=== Begin Enclosure ===
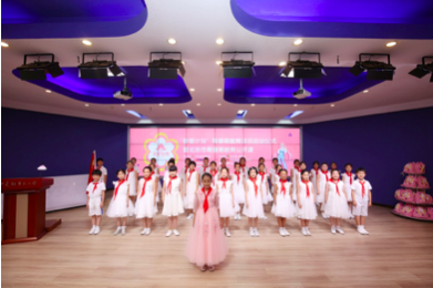 会议开始前,k1体育集团为参会的中关村二小学生带来了礼物,孩子们在翻阅中如同找到知己一般,喜悦溢于言表,因为她们看到了可爱的爱心大使元七七同学。当嘹亮的歌声响起,学生代表们在国旗下歌唱、宣言,散发出阵阵青春朝气,也预示着发布会开始。
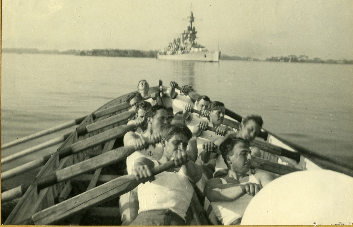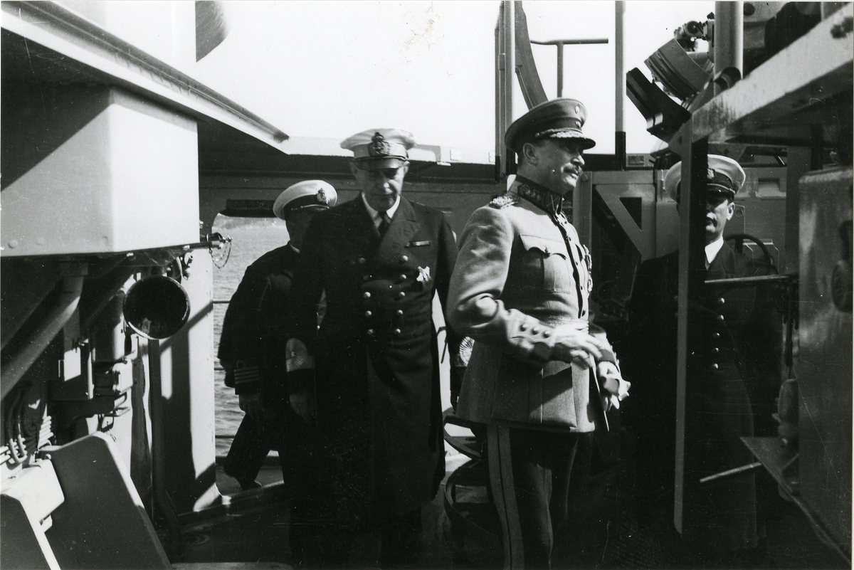 Fältmarsalken, Friherre Carl Gustav Mannerheim, besöker det svenska flaggskeppet vid besök i Helsingfors sommaren 1938.
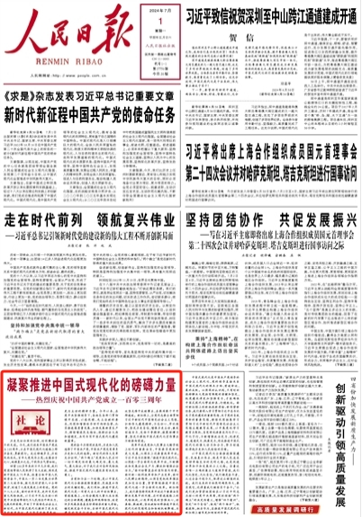 7月1日,《人民日报》第1版刊发社论《凝聚推进中国式现代化的磅礴力量——热烈庆祝中国共产党成立一百零三周年》。
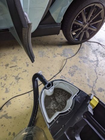 身体に無害な洗剤で汚れを浮かしてバキュームクリーナーで洗浄しながら吸引!
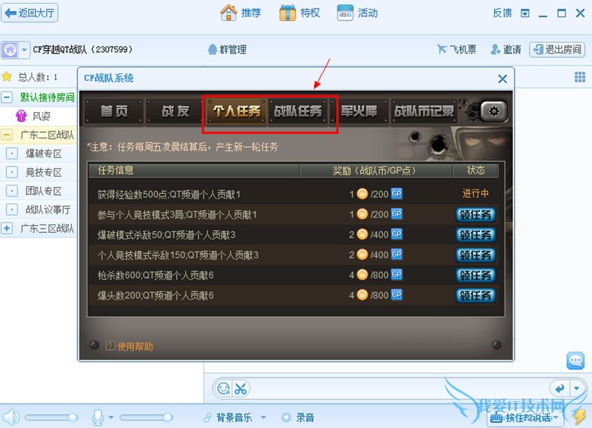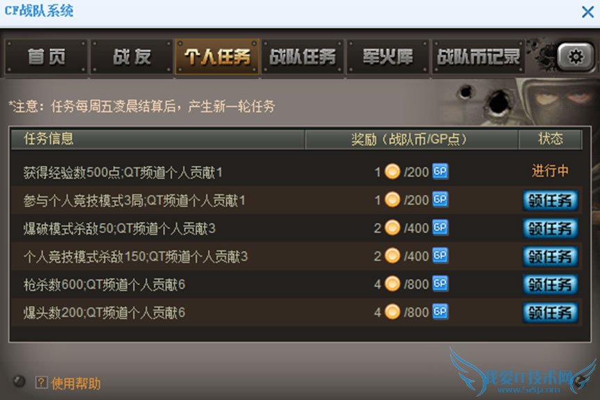 进入“个人任务”界面领取任务,然后在CF游戏内去达成任务条件。完成后系统自动发放对应奖励。GP点直接发放至游戏内,战队币获取情况可进入“战队币记录”界面查看(如上图)。
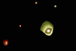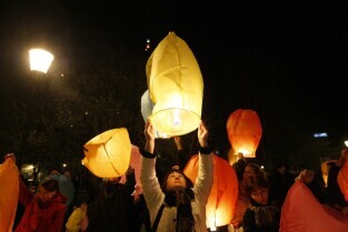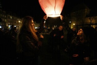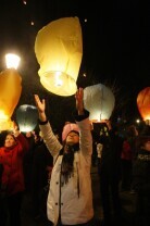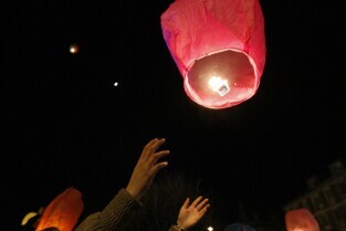 Akcja Stowarzyszenia Młody Gdańsk upamiętniająca 96 ofiar katastrofy samolotu prezydenckiego pod Smoleńskiem, poprzez wypuszczenie w niebo 96 lampionów. Gdańsk, Plac Dariusza Kobzdeja
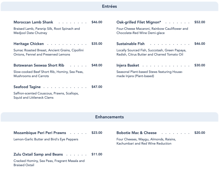 On the entrée menu, you’ll find a variety of meat, seafood, and plant-based options. Keep in mind that the entrées are priced along the lines of a signature dining experience. In terms of options, guests can choose from things like the Moroccan Lamb Shank, Oak-grilled Filet Mignon, Heritage Chicken, Fish, and more! Guests can also add three additional enhancements that range in price from $11 to $23.
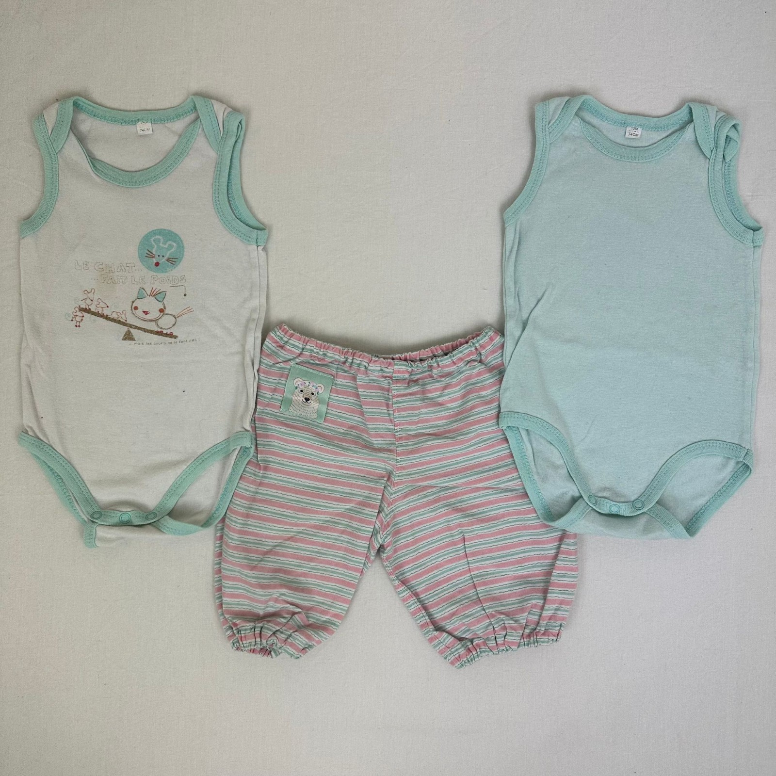 Autres commentaires : 2 body sans manches blanc avec bordures bleu.Pantalon à rayures rose,bleu et blanc avec taille élastiquée.
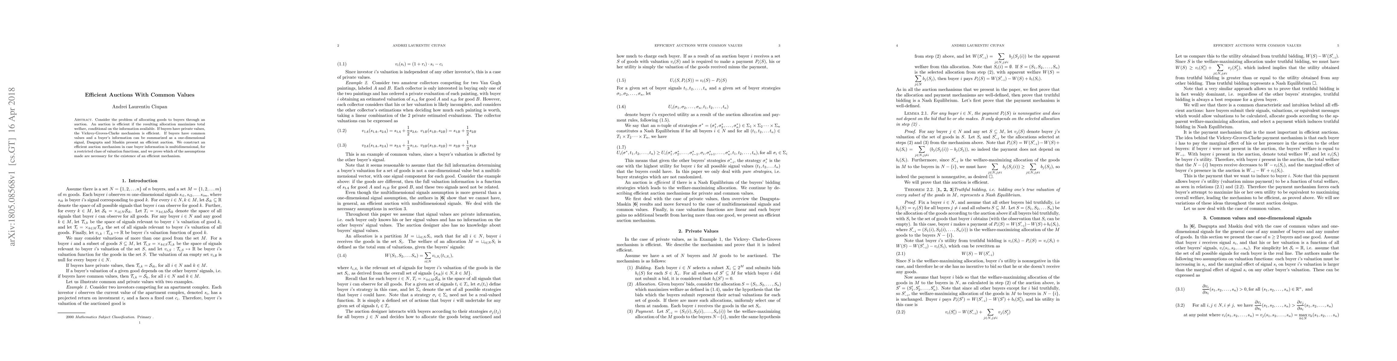 Consider the problem of allocating goods to buyers through an auction. An auction is efficient if the resulting allocation maximizes total welfare, conditional on the information available. If buyers have private values, the Vickrey-Groves-Clarke mechanism is efficient. If buyers have common values and a buyer's information can be summarized as a one-dimensional signal, Dasgupta and Maskin present an efficient auction. We construct an efficient auction mechanism in case buyer information is multidimensional, for a restricted class of valuation functions, and we prove which of the assumptions made are necessary for the existence of an efficient mechanism.
=== End Enclosure ===
EXERCISE DESCRIPTION
Leave out the pictures and retype every line above exactly.

SOLUTION FOR THIS PROBLEM
 会议开始前,k1体育集团为参会的中关村二小学生带来了礼物,孩子们在翻阅中如同找到知己一般,喜悦溢于言表,因为她们看到了可爱的爱心大使元七七同学。当嘹亮的歌声响起,学生代表们在国旗下歌唱、宣言,散发出阵阵青春朝气,也预示着发布会开始。
 Fältmarsalken, Friherre Carl Gustav Mannerheim, besöker det svenska flaggskeppet vid besök i Helsingfors sommaren 1938.
 7月1日,《人民日报》第1版刊发社论《凝聚推进中国式现代化的磅礴力量——热烈庆祝中国共产党成立一百零三周年》。
 身体に無害な洗剤で汚れを浮かしてバキュームクリーナーで洗浄しながら吸引!
 进入“个人任务”界面领取任务,然后在CF游戏内去达成任务条件。完成后系统自动发放对应奖励。GP点直接发放至游戏内,战队币获取情况可进入“战队币记录”界面查看(如上图)。
 Akcja Stowarzyszenia Młody Gdańsk upamiętniająca 96 ofiar katastrofy samolotu prezydenckiego pod Smoleńskiem, poprzez wypuszczenie w niebo 96 lampionów. Gdańsk, Plac Dariusza Kobzdeja
 On the entrée menu, you’ll find a variety of meat, seafood, and plant-based options. Keep in mind that the entrées are priced along the lines of a signature dining experience. In terms of options, guests can choose from things like the Moroccan Lamb Shank, Oak-grilled Filet Mignon, Heritage Chicken, Fish, and more! Guests can also add three additional enhancements that range in price from $11 to $23.
 Autres commentaires : 2 body sans manches blanc avec bordures bleu.Pantalon à rayures rose,bleu et blanc avec taille élastiquée.
 Consider the problem of allocating goods to buyers through an auction. An auction is efficient if the resulting allocation maximizes total welfare, conditional on the information available. If buyers have private values, the Vickrey-Groves-Clarke mechanism is efficient. If buyers have common values and a buyer's information can be summarized as a one-dimensional signal, Dasgupta and Maskin present an efficient auction. We construct an efficient auction mechanism in case buyer information is multidimensional, for a restricted class of valuation functions, and we prove which of the assumptions made are necessary for the existence of an efficient mechanism.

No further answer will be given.